Écran
Noir. Insondable. Immuable. Trou béant. Quand soudain, traversée par un courant électrique, la matrice prend vie. Timidement au début, une douzaine de triades de composants électroluminescents, excités par ce courant, rendent des tons rouges, verts, bleus, pour former, par synthèse additive, un petit rectangle blanc.
L’œil est alors attiré par cette infime source lumineuse intermittente. À chaque disparition, l’attente de sa réapparition se fait plus prégnante. De cette espérance grandissante qui n’est jamais rigoureusement énoncée. De ce désir ineffable de voir les pixels se muer, essaimer, peupler la matrice et éblouir l’œil d’une lumière vive.

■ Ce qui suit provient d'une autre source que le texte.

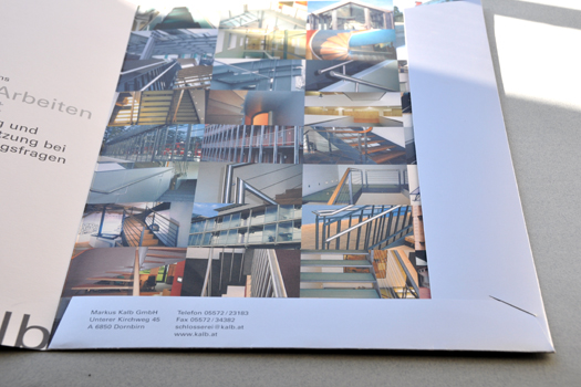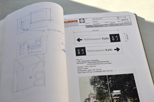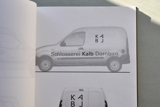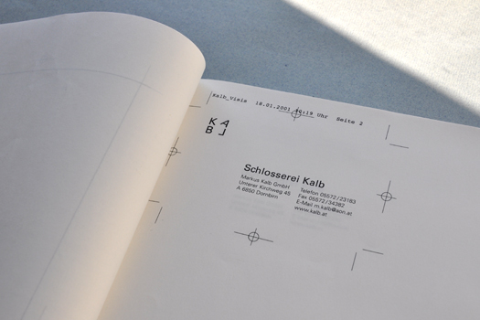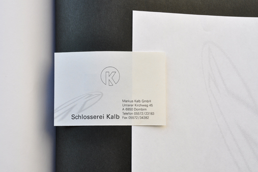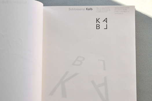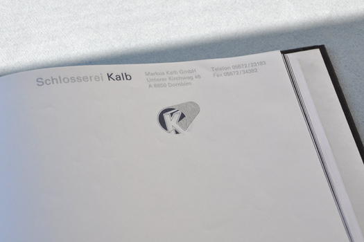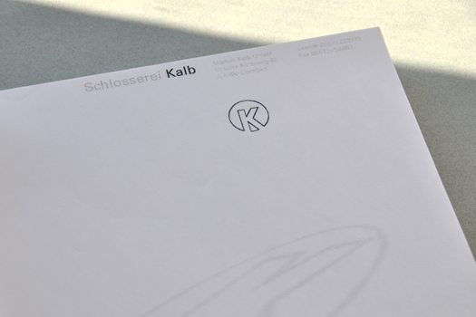 Für Markus Kalb haben wir dieses Corporate Design entworfen. Die Grundidee basiert auf einem Stahlrahmen. Die Buchstaben sind so unüblich arrangiert, daß dieses Bild entstehen kann. Die Lesbarkeit ist völlig wurscht. Die Leute erkennen und lesen den Namen. Die Bautafeln fallen sehr gut auf und Markus wird heute noch auf das auffällige, unübliche und trotzdem schlichte Erscheinungsbild angesprochen. Und, die Schlosserarbeiten werden hervorragend gemacht. Pünktlichst und einfach gut.
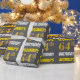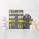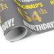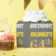 This wrapping paper design features a message like "REGINALD’S 64th BIRTHDAY!", with the "64th" having a faux/imitation gold-like colour appearance, and with the name and "BIRTHDAY" in a fun, bold font. The name can be personalised, and the background is coloured grey (grey). Wrapping paper like this could perhaps be used when wrapping birthday gifts being given to somebody in celebration of their sixty fourth birthday. [~Z0000211]

Puis tout se fige. Un temps interminable. Quelques millisecondes, au moins. Le temps comme suspendu. L’œil rond, refuse de ciller, attend un signe de vif. Lorsqu’à la limite de l’apoplexie de la rétine, l’œil s’autorise enfin un battement, déclenchant un jaillissement de lumière, se répandant comme une trainée de poudre étincelante ; d’une vague nitescence se forment des lettres, des lettres en mots, et des mots en messages, écrits d’une main invisible et dans un idiome insaisissable dont seule une élite peut percer le sens. Quand tout à coup, un grand flash d’un blanc froid. Et le scriptural cède la place au figuratif. L’écran protecteur aux runes luminescentes se fait fenêtre sur le monde. Il s’illumine d’un vif éclat et offre à l’œil un paysage pastoral ou un regard sur l’espace infini. Et au beau milieu de cet éblouissant décor, comme flottant dans les airs, un cadre. Une autre fenêtre, d’un autre genre. Sobre. Austère. Elle présente deux fentes, telles des meurtrières que l’on aurait couché. De ces fentes filtre une lueur blême ; et de la plus haute des deux, l’œil perçoit, comme en négatif, le rectangle de lumière primordial. Le doigt s’avance vers le clavier et, pressant ses touches une à une, compose une mélodie connue de lui seul. Aussitôt la dernière touche relâchée, le paysage se découvre, l’écran s’illumine de plus belle, et sublime ce qui l’entour. Plus rien n’existe autre que lui. Et sans que l’on s’en aperçoive, il aspire le temps et nos âmes.